SEC to formally invite and specifically reward cooperation for the first time

All United States Attorney's Offices have routinized the practice of cooperation and standardized their form of cooperation agreement which, following Section 5K1.1 of the Sentencing Guidelines and 18 U.S.C. § 3553(e), specifies to a degree both the benefits of cooperation and the consequences for violation of the agreement.  In contrast, the Enforcement Division of the SEC has traditionally not had in place a formal practice of cooperation, with its promised benefits, much less achieved a standard form of such agreement. The former prosecutor now heading up the SEC's Enforcement Division plans to change that.

Before the AICPA National Conference on December 8, 2009, Director Robert Khuzami discussed the SEC's new “cooperation initiative.”  Khuzami explained that the agency will now seek to encourage cooperation in SEC investigations through a variety of methods, including cooperation agreements, which for the first time will provide for the prospect of reduced sanctions based on the timeliness of the decision of a subject to cooperate and the value of the information he or she provides.

Current criminal practices followed around the nation typically reward not only the first witness in the door with a cooperation agreement, but often confer the same benefit on a number of others subsequently passing through the same portal. As a result of the proliferation of cooperation arrangements in any given investigation or prosecution, the Sentencing Commission reports, between September 2008 and October 2009 nearly 26% of all sentences were imposed below the Guidelines range as a result of government-sponsored departures.  In contrast, Khuzami's statements indicate that his agency will offer the benefits of cooperation far more parsimoniously. News reports from the AICPA conference quoted him as warning defense attorneys that "only one client can be first" in coming to the SEC with information.
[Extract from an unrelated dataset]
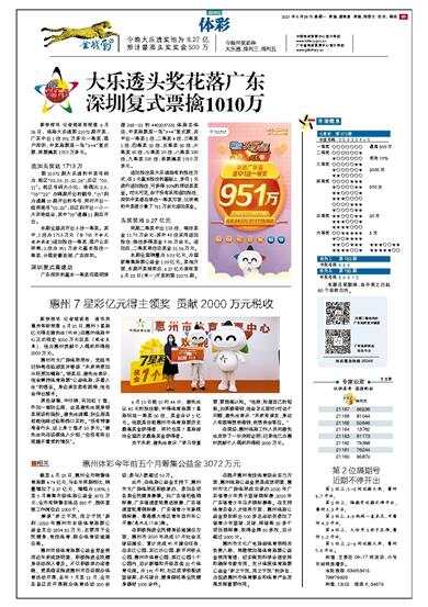 新快报讯 记者陆妍思报道 6月26日,体彩大乐透第21072期开奖,广东中出1注951万多元一等奖,落户深圳,中奖彩票是一张“9+4”复式票,单票擒奖1010万多元。 追加头奖达17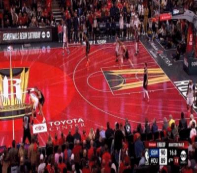 库里三分不中,小佩顿抢到篮板,但随后的传球出现失误,库明加在抢球的过程中被吹犯规,杰伦-格林两罚全中。

Perhaps Khuzami intended only to create a rush to the SEC's door, much as federal prosecutors often attempt artificially to precipitate haste by claiming to limit the availability of cooperation deals. And perhaps the SEC will in practice relax the first-in-time requirement, much as prosecutors have relented in the interests of pragmatism. But if the Enforcement Director is taken at his word, then practitioners have cause to consider the need for speed in their clients' decision-making in civil securities fraud investigations.